Writing courses will tell you that you need to construct a sentence that will express your main point in a clear, easy to understand fashion. It's quite an art to be able to capture an entire article in a single sentence. It's not very easy to do it in an opening paragraph.
I think I may have discovered a technique for approaching the problem. Sometimes, the best thing to do is to look for your escape clause:
...the Taliban’s plans for women far exceed the darkest imaginings of the Southern Baptists...Really, that's the whole article right there.
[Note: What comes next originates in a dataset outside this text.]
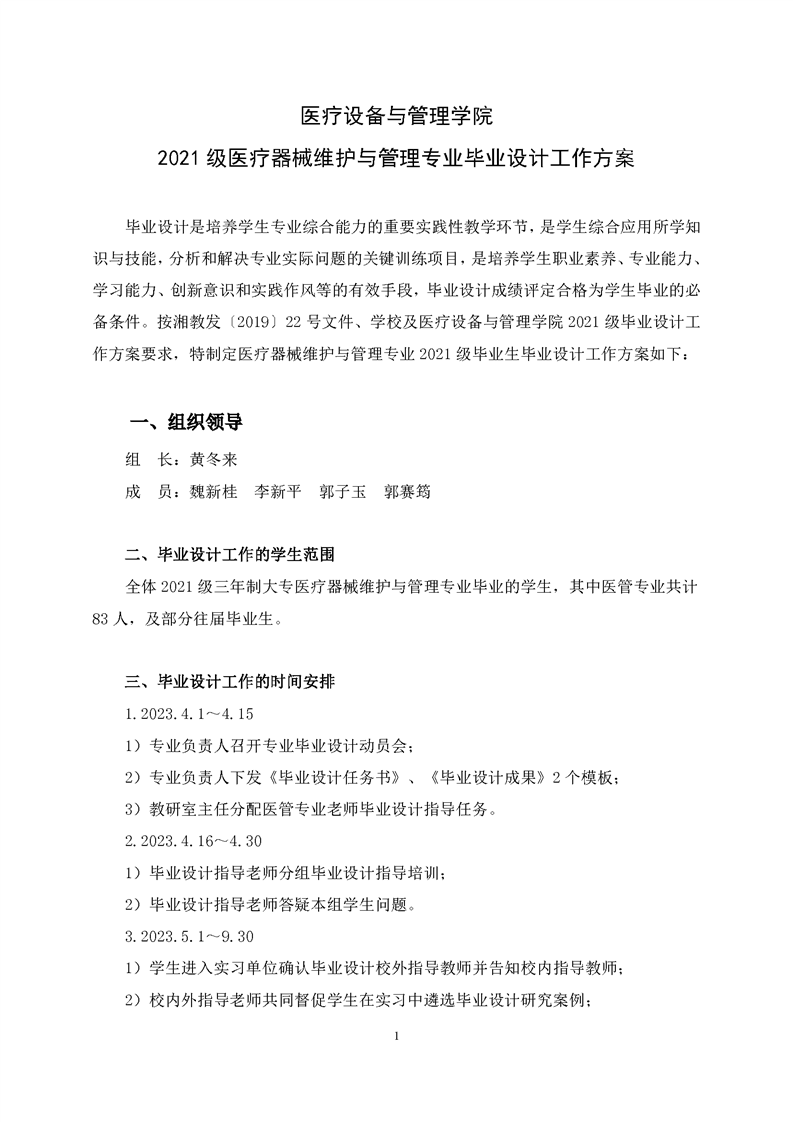医疗器械维护与管理2021级学生毕业设计工作方案

The qualifier put in to avoid objections neatly captures everything she wanted to say. 'The Taliban are far worse than the Baptists, but they're along the same line.'
Things are getting better recently, though, she finishes:
There’s no doubt that many women’s lives are better than they were a century, even a half century, ago. Women can vote and own property. Abortion has been legalized in many countries, at least for the moment. But organized religion, and the anxieties and terrors it encourages and employs as a means of social control, have fought—and continue to fight—these positive changes, every step of the way.I'm not familiar with the Baptist effort to prevent women owning property. As for abortion, you know, I used to feel as Bthun said yesterday: it was a topic I wanted to avoid at all costs. My longstanding philosophy was that I was opposed to abortion, but would excercise that opposition purely within my private sphere of action. I was content to not cause any abortions, and to leave others their full range of choices as well.
More and more, though, I'm not sure that's tenable.